Friday, November 11, 2005

Bishops Helping Bishops

Here's something interesting from The Leaven, the newspaper of the archdiocese of Kansas City in Kansas....

You know, I do feel for bishops, because once they're ordained it seems a bulk of their burden is to get screamed at by people whose preferred pejorative is "liberal." Nobody ever thanks the bishop for what he's doing right, but they come out of the woodwork when he's wrong.... And every pastor out there knows this as well, but it's magnified in a diocese.

So a bunch of guys got together a while back, and something came of it
Realizing the human dimension of being a bishop, Archbishop Emeritus James P. Keleher began his own bishops’ group soon after he was appointed to the Diocese of Belleville, Ill.

“We call it the ‘Bishops’ Ministry to Bishops,’ and I was the founder of this group,” said Archbishop Keleher. “Many bishops have prayer groups. It just happened shortly after I became a bishop [in 1984] that I suggested to a couple of people that we start a group.”

“I asked a couple of them, and then they suggested other names, and so on,” said the archbishop. “We just got together and figured seven was the right size.”

In 20 years since the original group of seven was formed, only one new member has been added, and that was due to the death of one of the original members.

“We were new, all from the Midwest at the time — Indiana and Illinois,” said Archbishop John George Vlazny, from the Archdiocese of Portland. “We just kind of thought we’d be a good group to work together.”

The group is a place for members to pray together, support each other’s work, offer advice on how to handle difficult situations, and share a bit of recreation and fellowship.

The group meets for three overnight visits a year. They’d like to meet more often, but their busy schedules won’t allow it.

Typically, the bishops arrive at their host’s home and spend a few hours catching up. In the course of the day or two that follow, they’ll pray evening prayer, concelebrate one or more Masses, share meals and just generally relax. It’s more of a fellowship time than a policy work session.

“One of the problems of a bishop is many times he feels alone,” said Archbishop Keleher. “But, because of the group, you don’t feel that way. You feel like you’re with peers who understand your situation and can give you very good advice.”

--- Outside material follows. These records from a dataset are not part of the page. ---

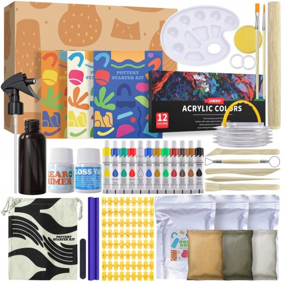 - Rozpocznij pełną podróż garncarską w domu dzięki naszemu zestawowi gliny schnącej na powietrzu. Obejmuje on 3,3 funta gliny, wystarczającej do wykonania 4-6 sztuk, wraz z niezbędnymi narzędziami, takimi jak narzędzia do rzeźbienia, wałek do ciasta, stemple literowe, pasek do szlifowania i składane wiadro. Ten zestaw jest idealny dla początkujących, którzy chcą zanurzyć się w ceramice.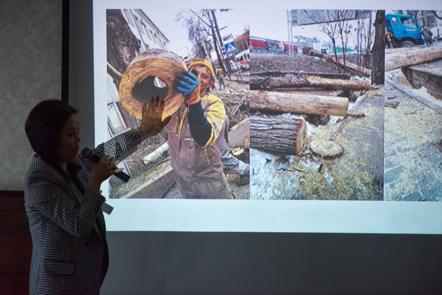 Глава «Бишкекзелехоза» Эльнура Жолдошева рассказала участникам обсуждений о планах посадок, уходе и сносу аварийных деревьев, а также о регламенте предприятия. Э. Жолдошева отметила, что создание электронного реестра по зеленым насаждениям позволит качественно планировать работу по защите каждого дерева и объективно отслеживать динамику развития зеленого фонда. Также она напомнила, что своевременный уход деревьев, расположенных внутри дворов, на территории частной собственности, возлагается на ТСЖ, МТУ, организации.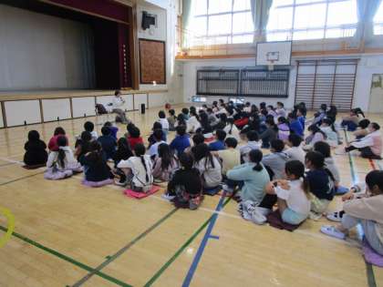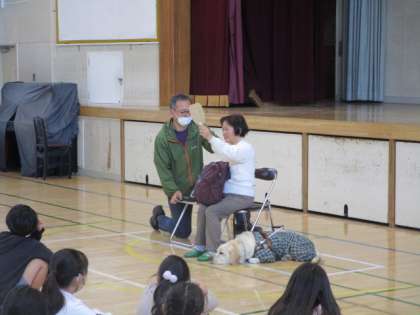 最近、4年生が総合的な学習で、障害について学んでいます。今日は、盲導犬とともに生活をされている目の不自由な方をゲストティーチャーとしてお招きし、経験談を伺いました。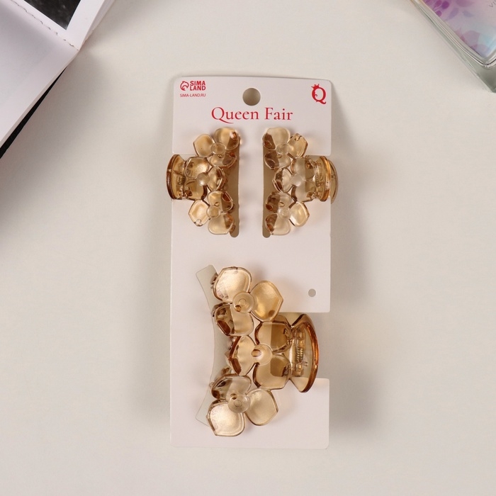 Краб для волос "Флориана" (набор 3 шт) цветы, 6,5 и 4 см, светло-коричневый

And, as peers in any business are likely to do, they sometimes disagree.

“If we don’t think the advice being given is good,” said the archbishop, “we’ll tell the guy that’s giving it, ‘Well, I don’t think we’d do that.’ So, we correct each other.

“I’ve seen guys who were really searching for how to handle something get some very excellent wisdom, though, and put that into effect, and then come back and tell how it went.”
Yes, Virginia, even bishops need affirmation.